In any case, public debt will not hit the limit of 65 per cent of GDP, said the Ministry of Finance |
Vietnam’s real GDP grew 5.03 per cent on-year in the first quarter of 2022, extending the 5.22 per cent pace in the last quarter of 2021 as the services sector rebounded after more parts of its economy were reopened with the relaxation of mobility and distance restrictions.
The manufacturing sector continued to take the lead, and most significantly, the overall services sector expanded 4.58 per cent on-year, from 1.22 per cent in the previous quarter and 3.62 per cent in the first quarter of last year.
It was clear that service activities were able to benefit from the lifting of COVID-19 restrictions imposed during the second half of last year.
Recent data suggests that Vietnam’s underlying growth momentum remained intact in the second quarter of this year.
The manufacturing sector continued to power on, registering a 9.24 per cent on-year gain in the first five months, from 8.28 per cent in the first four months, and a strong performance of 12.59 in May 2021. This performance is also reflected in the purchasing managers’ index.
A forward indicator, foreign direct investment (FDI) inflows, pared back somewhat in May amid uncertainty from the Russia-Ukraine conflict and elevated commodities prices.
Registered FDI recorded a decline of 16.3 per cent on-year to $11.71 billion, the fourth straight month of negative readings. The high base from the strong inflow of registered FDI in 2021 at $31.15 billion also resulted in subdued readings so far.
On the consumer side, lifting domestic COVID-19 restrictions and reopening cross-border travel have injected new vigour into the services sector. Overall retail trade accelerated 9.69 per cent on-year in May, from 6.54 per cent in April, and well ahead of the 3 per cent drop in 2021, led by travel services (up 34.7 per cent), and accommodation and catering (15.75 per cent rise).

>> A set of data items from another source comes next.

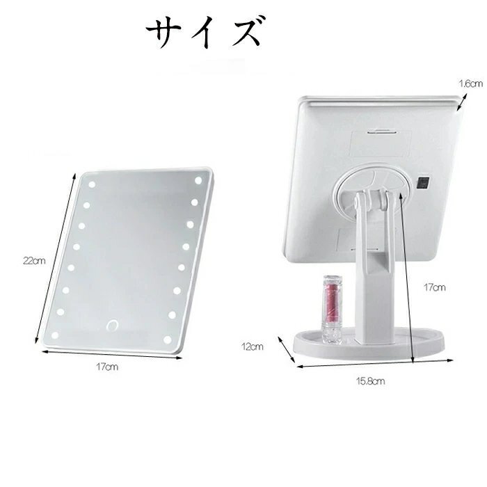 【LEDライト付き】内蔵の16個のLEDライトは、暗い場所や弱い光の場所での使用に非常に役立ちます。LEDラ イトが均等に顔を照らし、影をなくし、化粧ムラ防止になります。暗い部屋でも細かいところまで映ります。 LEDライトもスペース照明と非常照明の両方として使用できます。
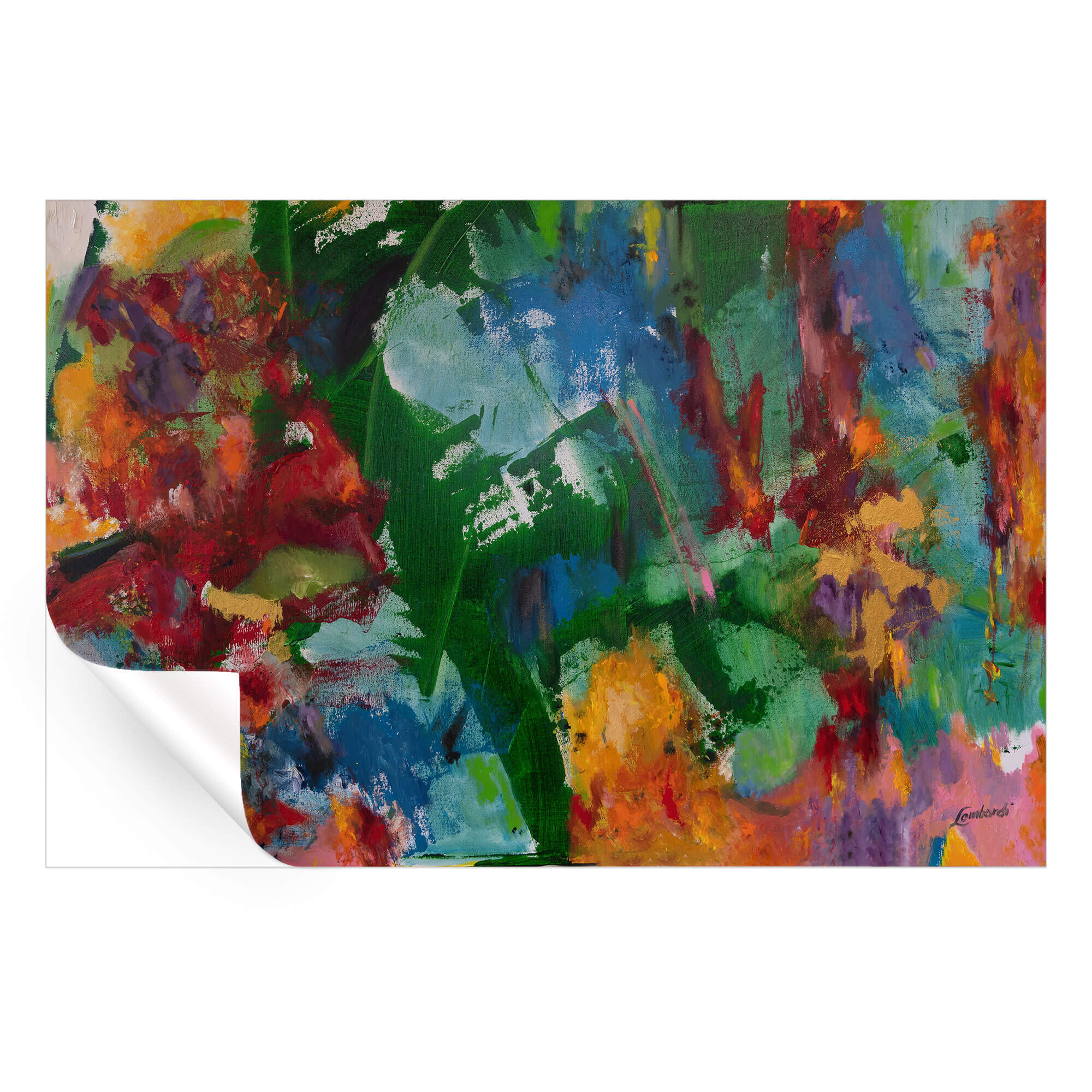 In the midst of this colorful dance, the brushstrokes of Bob Lombardi bring a sense of harmony and wildness together. It’s a snapshot of nature’s palette, where every hue plays a vital role in the visual tale.
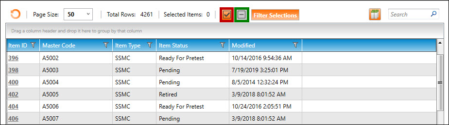 Click the Select All button (highlighted in red, below) to select all records. Click the Clear All Selections button (highlighted in green, below) to deselect all records.
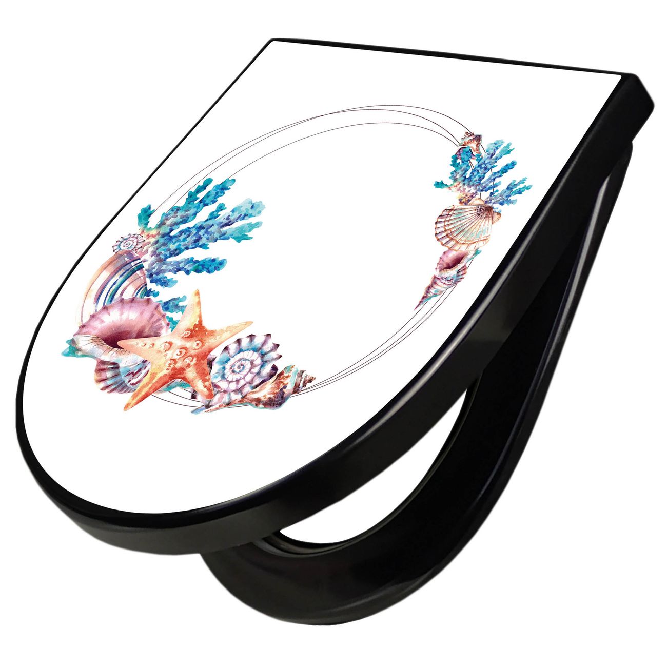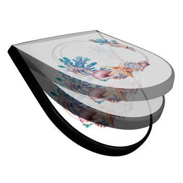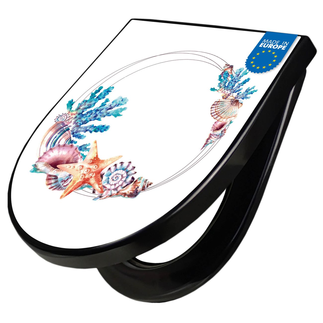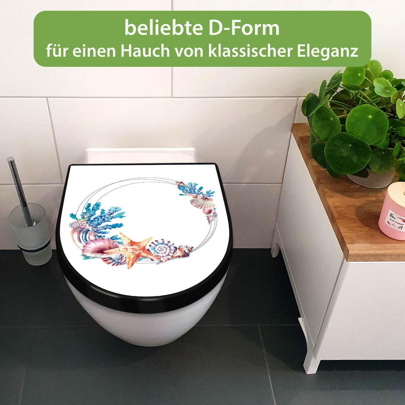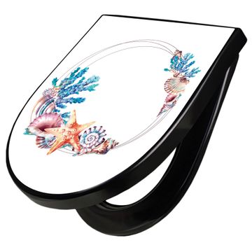 WC Sitz D-Form Schwarz mit Absenkautomatik Motiv Maritime Eleganz

It is expected that tourism-dependent sectors such as accommodation and food will return to growth in the second quarter of 2022 after nine straight quarters of declines.
With the latest data as well as the headwinds ahead, the United Overseas Bank (UOB) keeps the 2022 GDP growth forecast for Vietnam at 6.5 per cent, in line with the official projection of 6.0- 6.5 per cent.
UOB's forecast assumes GDP growth in the second quarter of 2022 to pick up its pace to 6 per cent on-year, and then further to 7.6 per cent in the next quarter.
However, UOB also highlights several external risks that are posing challenges to this outlook: (1) the Russia-Ukraine conflict and its impact on commodity prices (and the resulting inflation risks on domestic and external demand), (2) global supply chain disruptions, (3) policy tightening globally, and (4) COVID-19 risks.
After touching the lowest in nearly a year at 1.4 per cent on-year in February, inflation in Vietnam has been trending up since to 2.86 per cent in May, which is still below the State Bank of Vietnam’s target of 4 per cent.
Elevated prices of global energy and food, as well as supply chain disruptions, have contributed to the jump in Vietnam’s inflation. Particularly, transport-related costs have been rising at a double-digit on-year pace in the past 14 months.
As Vietnam is able to supply foodstuffs domestically, the upside pressure on prices is largely dominated by the transport-related components of the consumer price basket, accounting for about 3/4 of the inflation thus far, compared to an average of 50 per cent in 2021.
With the Russia-Ukraine conflict stretching beyond 100 days and showing no signs of easing tensions and sanctions, it can be expected that Vietnam’s headline inflation rate will be at 3.7 per cent in 2022 and further rise to 5 per cent in 2023.
In the view of UOB experts, the VND is not spared from the Asia-wide weakness inflicted by the aggressive repricing in FED rate hike expectations and concerns of a deeper China slowdown.
The ratio of USD/VND rose by 1.7 per cent in the second quarter of 2022 to VND23,215, the highest level since August 2020. Cushioned by a strong growth outlook and domestic inflation remaining under control, the VND weakness is modest when compared to the Asia Dollar Index which fell over 4 per cent in the quarter.